Session
The Session manages conversation state across multiple agent interactions, providing memory and context persistence. Sessions are automatically created and managed.
Overview
What is a Session?
A Session:
- Tracks conversation history across interactions
- Persists state between agent invocations
- Manages thread context
- Supports multiple storage backends
Creating Sessions
In CLI
Sessions are automatically managed:
from agentkernel.cli import CLI
# CLI automatically creates unique session per user
# Session ID is generated automatically
CLI.main()
In API
Sessions are created per 'session_id' and hence indirectly controlled by the API user:
POST /chat
{
"agent": "assistant",
"message": "Hello!",
"session_id": "user-123-conversation-1"
}
Programmatically [Advanced usage]
from agentkernel.core import Session
# Create a new session
session = Session(id="custom-session-id")
# Use with runner
result = await runner.run(agent, session, prompt)
Storage Backends
In-Memory Storage (Default)
Fast but volatile:
export AK_SESSION_STORAGE=in_memory
# Sessions lost when process restarts
# Good for development and testing
Redis Storage
Persistent and scalable:
export AK_SESSION_STORAGE=redis
export AK_REDIS_URL=redis://localhost:6379
# Sessions persist across restarts
# Good for production
# Supports distributed deployments
Session Lifecycle
Session Data
Sessions store framework-specific data:
# Each framework stores its own session data
session.set("openai_assistant_session", openai_session_obj)

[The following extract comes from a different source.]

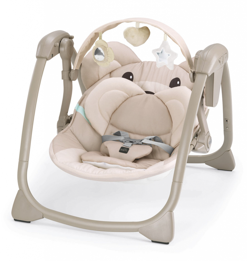 Bohaté polstrování spolu s měkkou látkou tvoří komfortní prostředí pro každé dítě. Zádovou opěrku lze nastavit do 2 poloh. Aby se miminko v lehačce nenudilo, je vybavená výškově nastavitelnou hrazdou s plyšovými hračkami, které je možné v případě potřeby sundat. Potah lehačky je možné prát na 30°C v pračce. Samotné houpání probíhá pomocí vestavěného motoru, který je poháněn buď pomocí baterie, anebo po zapojení do sítě. Lehačka disponuje 5 nastavitelnými rychlostmi houpání a časovačem, který zajistí automatické vypnutí. Součástí je také 15 melodií a 5 zvuků přírody pro zklidnění dítěte. Lehačku snadno složíte a rozložíte, ve složeném stavu pak zabere minimum místa.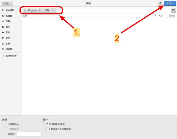 解壓縮 當出現 圖 76 的畫面時, 確認右上方的目錄顯示為 gw-admin/下載/H 後 [1] , 點擊右上角的 解開(E) 。 當出現 圖 77 的畫面時, 就點擊視窗中間左下角的 關閉(C) 。

session.set("langgraph_state", graph_state)
session.set("crewai_context", crew_context)
# Access later
openai_session = session.get("openai_assistant_session")
Multi-Agent Sessions
Sessions can track multiple agents:
# Same session, different agents
session = Session(id="user-123")
# Agent 1 execution
result1 = await agent1.runner.run(agent1, session, prompt1)
# session.set("agent1_session", ...)
# Agent 2 execution (same session)
result2 = await agent2.runner.run(agent2, session, prompt2)
# session.set("agent2_session", ...)
# Both agents share the same session
# But maintain separate framework-specific state
Thread Management
Sessions support conversation threads:
# Each user conversation gets a unique session
session_id = f"user-{user_id}-thread-{thread_id}"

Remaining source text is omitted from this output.